Columbus, Ohio
COLUMBUS, OHIO
COLUMBUS, OHIO, is the capital and most populous city of Ohio. It was laid out on the high east bank of the Scioto River in 1812 expressly to serve as the capital and was named for the great Italian explorer. Ohio's legislature
chose the site owing to its central location in the state and because Columbus's promoters offered to donate land and construction money for the state house and penitentiary. During the course of the nineteenth century, Columbus garnered virtually all of the state's institutions, including the schools for the blind and deaf; the "lunatic asylum"; the "asylum for idiots"; and the land-grant college, Ohio State University. Completed in 1831, a feeder canal linked Columbus with the Ohio and Erie Canal. Two years later, the National Road reached the city, providing access to the East. These transportation advantages spurred Columbus's growth, and in 1850 it was the second largest city in the state with almost eighteen thousand inhabitants.
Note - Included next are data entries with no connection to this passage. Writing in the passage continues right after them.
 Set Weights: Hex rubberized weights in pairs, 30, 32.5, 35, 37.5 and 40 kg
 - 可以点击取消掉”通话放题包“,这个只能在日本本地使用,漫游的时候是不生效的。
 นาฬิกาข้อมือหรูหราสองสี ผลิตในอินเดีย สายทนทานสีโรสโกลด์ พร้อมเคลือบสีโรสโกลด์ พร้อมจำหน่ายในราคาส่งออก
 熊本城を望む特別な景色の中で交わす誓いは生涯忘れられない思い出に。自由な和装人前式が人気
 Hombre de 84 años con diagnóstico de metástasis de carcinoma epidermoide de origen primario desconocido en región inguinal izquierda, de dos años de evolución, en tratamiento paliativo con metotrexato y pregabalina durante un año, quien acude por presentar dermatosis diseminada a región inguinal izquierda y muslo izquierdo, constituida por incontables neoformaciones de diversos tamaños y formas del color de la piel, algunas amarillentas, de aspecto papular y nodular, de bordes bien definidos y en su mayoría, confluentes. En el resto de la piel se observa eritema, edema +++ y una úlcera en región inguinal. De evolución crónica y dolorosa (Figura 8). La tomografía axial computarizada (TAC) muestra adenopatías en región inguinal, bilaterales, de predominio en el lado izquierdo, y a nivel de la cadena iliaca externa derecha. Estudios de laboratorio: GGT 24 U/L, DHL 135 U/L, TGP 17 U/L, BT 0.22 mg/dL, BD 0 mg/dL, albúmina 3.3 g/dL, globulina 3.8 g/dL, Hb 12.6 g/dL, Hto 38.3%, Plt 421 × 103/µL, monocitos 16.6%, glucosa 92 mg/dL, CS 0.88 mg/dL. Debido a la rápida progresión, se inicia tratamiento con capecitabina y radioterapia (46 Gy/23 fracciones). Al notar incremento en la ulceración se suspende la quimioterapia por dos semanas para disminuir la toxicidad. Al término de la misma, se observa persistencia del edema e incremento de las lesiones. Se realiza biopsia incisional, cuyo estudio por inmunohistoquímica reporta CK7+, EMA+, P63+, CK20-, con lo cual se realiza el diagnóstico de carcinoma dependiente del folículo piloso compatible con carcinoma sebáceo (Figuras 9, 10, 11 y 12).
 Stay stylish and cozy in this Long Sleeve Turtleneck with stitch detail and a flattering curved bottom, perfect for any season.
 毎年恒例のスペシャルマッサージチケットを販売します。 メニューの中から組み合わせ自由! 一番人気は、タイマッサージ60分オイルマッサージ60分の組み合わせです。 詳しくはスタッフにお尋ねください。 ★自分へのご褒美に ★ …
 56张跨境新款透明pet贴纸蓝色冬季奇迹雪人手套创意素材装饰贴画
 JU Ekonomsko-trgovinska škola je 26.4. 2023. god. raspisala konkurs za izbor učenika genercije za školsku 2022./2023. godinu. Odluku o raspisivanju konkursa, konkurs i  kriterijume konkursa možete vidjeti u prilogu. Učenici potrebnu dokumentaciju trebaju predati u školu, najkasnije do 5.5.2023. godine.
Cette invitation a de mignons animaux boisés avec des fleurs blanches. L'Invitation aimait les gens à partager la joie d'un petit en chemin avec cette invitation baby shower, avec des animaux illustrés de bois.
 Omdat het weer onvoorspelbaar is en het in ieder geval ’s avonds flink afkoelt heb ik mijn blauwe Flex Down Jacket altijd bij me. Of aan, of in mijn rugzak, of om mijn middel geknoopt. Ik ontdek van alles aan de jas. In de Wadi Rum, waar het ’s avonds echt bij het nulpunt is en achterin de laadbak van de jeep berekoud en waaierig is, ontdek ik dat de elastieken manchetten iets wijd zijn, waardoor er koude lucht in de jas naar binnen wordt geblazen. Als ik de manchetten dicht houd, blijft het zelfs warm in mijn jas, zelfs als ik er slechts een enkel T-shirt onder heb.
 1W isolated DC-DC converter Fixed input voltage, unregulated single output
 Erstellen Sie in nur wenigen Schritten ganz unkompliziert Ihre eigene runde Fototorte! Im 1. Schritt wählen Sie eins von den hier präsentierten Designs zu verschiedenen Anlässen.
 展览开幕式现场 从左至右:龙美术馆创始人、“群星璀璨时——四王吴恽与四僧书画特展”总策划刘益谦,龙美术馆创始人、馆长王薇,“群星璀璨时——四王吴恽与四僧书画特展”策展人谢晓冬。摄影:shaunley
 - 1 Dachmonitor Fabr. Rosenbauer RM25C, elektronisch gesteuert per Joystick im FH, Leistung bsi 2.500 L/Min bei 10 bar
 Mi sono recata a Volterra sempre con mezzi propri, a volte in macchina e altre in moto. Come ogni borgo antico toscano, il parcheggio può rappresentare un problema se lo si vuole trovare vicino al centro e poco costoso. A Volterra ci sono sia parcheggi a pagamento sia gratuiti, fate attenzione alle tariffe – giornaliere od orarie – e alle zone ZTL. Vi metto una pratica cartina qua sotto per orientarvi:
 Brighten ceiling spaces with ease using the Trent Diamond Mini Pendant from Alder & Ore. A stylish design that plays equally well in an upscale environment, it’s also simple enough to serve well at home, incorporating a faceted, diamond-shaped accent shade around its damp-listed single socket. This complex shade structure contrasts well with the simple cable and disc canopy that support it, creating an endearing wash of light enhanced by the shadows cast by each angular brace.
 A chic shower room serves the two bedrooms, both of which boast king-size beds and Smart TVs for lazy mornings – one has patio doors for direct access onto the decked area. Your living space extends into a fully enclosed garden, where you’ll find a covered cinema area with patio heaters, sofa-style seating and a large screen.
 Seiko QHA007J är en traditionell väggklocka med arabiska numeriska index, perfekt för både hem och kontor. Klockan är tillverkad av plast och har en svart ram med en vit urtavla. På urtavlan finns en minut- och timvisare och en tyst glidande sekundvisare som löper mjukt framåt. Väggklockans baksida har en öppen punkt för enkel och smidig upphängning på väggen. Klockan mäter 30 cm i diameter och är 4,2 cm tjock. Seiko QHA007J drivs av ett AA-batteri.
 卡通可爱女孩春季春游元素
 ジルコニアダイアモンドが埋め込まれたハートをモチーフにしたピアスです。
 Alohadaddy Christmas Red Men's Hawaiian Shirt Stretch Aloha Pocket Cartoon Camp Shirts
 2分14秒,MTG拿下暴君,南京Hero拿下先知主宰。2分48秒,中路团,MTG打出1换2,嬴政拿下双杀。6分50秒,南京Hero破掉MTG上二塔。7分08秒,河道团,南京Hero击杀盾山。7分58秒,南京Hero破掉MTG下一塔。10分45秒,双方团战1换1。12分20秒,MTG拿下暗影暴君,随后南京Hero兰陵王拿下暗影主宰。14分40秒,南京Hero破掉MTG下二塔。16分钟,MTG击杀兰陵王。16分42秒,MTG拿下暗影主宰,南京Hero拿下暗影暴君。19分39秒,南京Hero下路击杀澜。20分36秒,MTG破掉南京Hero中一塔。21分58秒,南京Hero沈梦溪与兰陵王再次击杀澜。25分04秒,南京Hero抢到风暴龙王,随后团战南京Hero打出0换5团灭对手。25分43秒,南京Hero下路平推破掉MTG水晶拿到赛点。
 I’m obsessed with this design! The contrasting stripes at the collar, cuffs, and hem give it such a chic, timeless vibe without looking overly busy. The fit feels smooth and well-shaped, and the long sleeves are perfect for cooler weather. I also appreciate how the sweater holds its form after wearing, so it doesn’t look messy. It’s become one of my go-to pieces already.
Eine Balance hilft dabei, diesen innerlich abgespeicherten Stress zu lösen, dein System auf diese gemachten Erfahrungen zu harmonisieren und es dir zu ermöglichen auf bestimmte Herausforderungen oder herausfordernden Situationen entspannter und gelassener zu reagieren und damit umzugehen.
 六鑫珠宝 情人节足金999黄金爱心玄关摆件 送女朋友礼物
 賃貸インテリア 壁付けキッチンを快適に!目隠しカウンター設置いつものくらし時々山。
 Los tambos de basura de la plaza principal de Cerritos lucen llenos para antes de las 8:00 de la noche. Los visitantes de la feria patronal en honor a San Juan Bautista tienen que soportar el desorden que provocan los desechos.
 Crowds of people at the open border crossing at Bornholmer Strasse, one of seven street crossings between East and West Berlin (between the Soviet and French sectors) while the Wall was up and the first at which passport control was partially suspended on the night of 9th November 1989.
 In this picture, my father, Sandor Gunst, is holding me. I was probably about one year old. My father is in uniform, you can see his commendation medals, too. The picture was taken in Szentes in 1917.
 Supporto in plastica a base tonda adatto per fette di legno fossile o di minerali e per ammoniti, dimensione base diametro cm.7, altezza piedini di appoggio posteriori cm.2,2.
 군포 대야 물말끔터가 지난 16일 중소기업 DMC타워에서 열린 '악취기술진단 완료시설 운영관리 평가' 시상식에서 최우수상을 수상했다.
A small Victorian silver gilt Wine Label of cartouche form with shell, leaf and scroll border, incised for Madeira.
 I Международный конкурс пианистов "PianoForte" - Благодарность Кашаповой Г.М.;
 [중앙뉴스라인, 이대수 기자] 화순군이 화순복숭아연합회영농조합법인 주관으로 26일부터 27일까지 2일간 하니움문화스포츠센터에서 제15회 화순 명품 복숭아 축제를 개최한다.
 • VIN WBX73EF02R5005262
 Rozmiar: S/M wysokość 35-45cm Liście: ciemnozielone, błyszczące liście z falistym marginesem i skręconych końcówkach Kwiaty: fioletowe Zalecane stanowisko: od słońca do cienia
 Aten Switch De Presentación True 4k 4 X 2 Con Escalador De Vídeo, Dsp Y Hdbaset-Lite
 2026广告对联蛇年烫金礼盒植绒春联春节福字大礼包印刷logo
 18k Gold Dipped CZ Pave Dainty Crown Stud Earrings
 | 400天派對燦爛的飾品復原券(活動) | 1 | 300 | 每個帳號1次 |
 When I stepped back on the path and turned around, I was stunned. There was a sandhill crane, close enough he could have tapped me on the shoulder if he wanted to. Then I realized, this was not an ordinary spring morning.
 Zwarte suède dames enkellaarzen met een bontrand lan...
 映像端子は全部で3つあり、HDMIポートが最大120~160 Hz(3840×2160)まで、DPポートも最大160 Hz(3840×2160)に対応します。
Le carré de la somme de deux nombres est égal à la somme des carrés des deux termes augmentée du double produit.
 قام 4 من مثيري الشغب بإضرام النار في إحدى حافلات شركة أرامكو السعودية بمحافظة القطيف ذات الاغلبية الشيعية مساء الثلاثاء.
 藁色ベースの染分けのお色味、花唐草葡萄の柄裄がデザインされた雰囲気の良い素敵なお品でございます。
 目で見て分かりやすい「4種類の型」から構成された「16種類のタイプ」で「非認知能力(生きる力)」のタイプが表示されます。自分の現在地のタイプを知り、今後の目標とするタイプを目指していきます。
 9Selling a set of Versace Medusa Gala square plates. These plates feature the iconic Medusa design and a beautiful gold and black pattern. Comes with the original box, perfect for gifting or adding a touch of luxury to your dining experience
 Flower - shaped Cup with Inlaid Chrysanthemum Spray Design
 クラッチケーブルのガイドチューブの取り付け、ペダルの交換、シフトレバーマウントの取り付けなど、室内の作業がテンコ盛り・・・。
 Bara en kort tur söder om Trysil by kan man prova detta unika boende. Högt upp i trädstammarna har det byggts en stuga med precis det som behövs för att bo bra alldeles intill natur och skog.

During the 1850s and 1860s, the construction of numerous rail lines further enhanced Columbus's commercial fortunes. Owing to its proximity to the coalfields of southeastern Ohio, Columbus became a major coal shipping center. During the late nineteenth century, the city's industrial sector expanded, and Columbus won recognition as a leader in the manufacturing of buggies and carriages and as the home of numerous foundries and machine shops. Meanwhile, Columbus attracted thousands of German immigrants, although at the close of the nineteenth century, the foreign born constituted less than 10 percent of the city's population, a figure far below that of most midwestern industrial cities.
The city continued to grow at a steady pace, yet in 1930 its population of 290,564 earned it only fourth rank among Ohio cities, behind Cleveland, Cincinnati, and Toledo. During the half century following World War II, however, it pulled ahead of its rivals, and by the mid-1980s was the state's largest city. In 2000, its population reached 711,470. Unlike Cleveland and Cincinnati, Columbus was able to annex vast tracts of new territory, its area more than tripling during the 1950s and 1960s. Thus, it acquired thousands of new residents and escaped encirclement by suburban municipalities. Columbus was not as dependent on heavy industry as many rust belt cities and was spared the worst effects of the late-twentieth-century decline in midwestern manufacturing. State government was the city's chief employer, and as long as the state of Ohio survived, the city's economic future remained secure.
BIBLIOGRAPHY
Cole, Charles C., Jr. A Fragile Capital: Identity and the Early Years of Columbus, Ohio. Columbus: Ohio State University Press, 2001.
Hunker, Henry L. Columbus, Ohio: A Personal Geography. Columbus: Ohio State University Press, 2000.